Я очень хорошо помню, как Сталин ухмыльнулся при этих словах.

— Вы должны понять, что мы не всегда можем официально высказаться о том, о чем нам хотелось бы сказать, такие случаи бывают в политике, и «Литературная газета» должна нам помогать в этих случаях. И вообще, не должна слишком бояться, слишком оглядываться, не должна консультировать свои статьи по международным вопросам с Министерством иностранных дел, Министерство иностранных дел не должно читать эти статьи. Министерство иностранных дел занимается своими делами, «Литературная газета» — своими делами. Сколько у вас сейчас выпускают экземпляров газеты?

Фадеев ответил, что тираж газеты что‑то около пятидесяти тысяч.

— Надо сделать его в десять раз больше. Сколько вы раз в месяц выпускаете газету?

— Четыре раза, раз в неделю, — ответил Фадеев.

— Надо будет новую «Литературную газету» выпускать два раза в неделю, чтобы ее читали не раз, а два раза в неделю, и в десять раз больше людей. Как ваше мнение, сможете вы в Союзе писателей выпускать такую газету?

Мы ответили, что, наверное, сможем.

— А когда можете начать это делать?

Не помню, кто из нас, может быть даже и я, вспомнив о том, как я впопыхах принимал журнал, ответил, что выпуск такой, совершенно нового типа, газеты потребует, наверное, нескольких месяцев подготовки и ее, очевидно, можно будет начать выпускать где‑то с первого сентября, с начала осени.

— Правильно, — сказал Сталин, — подготовка, конечно, нужна. Слишком торопиться не надо. А то, что вам будет надо для того, чтобы выпустить такую газету, вы должны попросить, а мы должны вам помочь. И мы еще подумаем, когда вы начнете выпускать газету и справитесь с этим, мы, может быть, предложим вам, чтобы вы создали при «Литературной газете» свое собственное, неофициальное телеграфное агентство для получения и распространения неофициальной информации.





Таким примерно был этот монолог Сталина, занявший, как у меня было записано тогда, примерно полчаса.

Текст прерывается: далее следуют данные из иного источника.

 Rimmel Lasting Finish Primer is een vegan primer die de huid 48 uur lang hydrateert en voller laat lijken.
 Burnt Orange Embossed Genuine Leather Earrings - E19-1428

Текст, который я сейчас записал, при чтении вслух, наверное, уложился бы в десять минут, но я не думаю, что я тогда ошибся, написав «полчаса». Сталин, как всегда, говорил очень неторопливо, иногда повторял сказанное, останавливался, молчал, думал, прохаживался. Видимо, вопрос был продуман им заранее, но какие‑то подробности, повороты приходили в голову сейчас, по ходу разговора. Мне, например, показалось, что идея создания телеграфного агентства возникла вдруг и именно здесь после какой‑то долгой паузы, во время которой он размышлял над этим, и он высказал ее с удовольствием, был доволен ею.

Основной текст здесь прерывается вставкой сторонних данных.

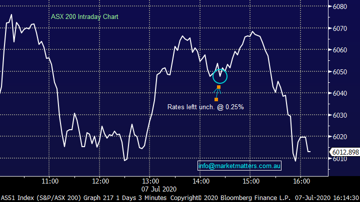 The RBA met this afternoon and kept rates on hold at 0.25% which was expected, they talked about the economic (and health outcomes) being better than expected thus far, flagging that the fall in hours worked in May was smaller than anticipated which suggests their forecast for a 10% contraction in the first half will prove too bearish. That said, they stressed the outlook remains uncertain, and the recent spike in cases in Victoria (and reimposition of restrictions in response) clearly highlights this.

Вообще мне показалось, что идея создания другой, новой «Литературной газеты», дополнительная идея о создании неофициального телеграфного агентства — нравилась ему самому Он говорил об этом с удовольствием, ему нравилось, что эта идея нам нравится, чувствовалось, что он хочет внушить нам решимость смелей и свободней подходить ко всем вопросам, связанным с этой будущей газетой.

Закончил свой разговор о «Литгазете» Сталин тем, что сказал, что, очевидно, нам для новой газеты придется подумать и о новых людях, о новых работниках, о новой редколлегии, быть может, и о новом редакторе, но обо всем этом предстоит подумать нам самим, это уж наше дело.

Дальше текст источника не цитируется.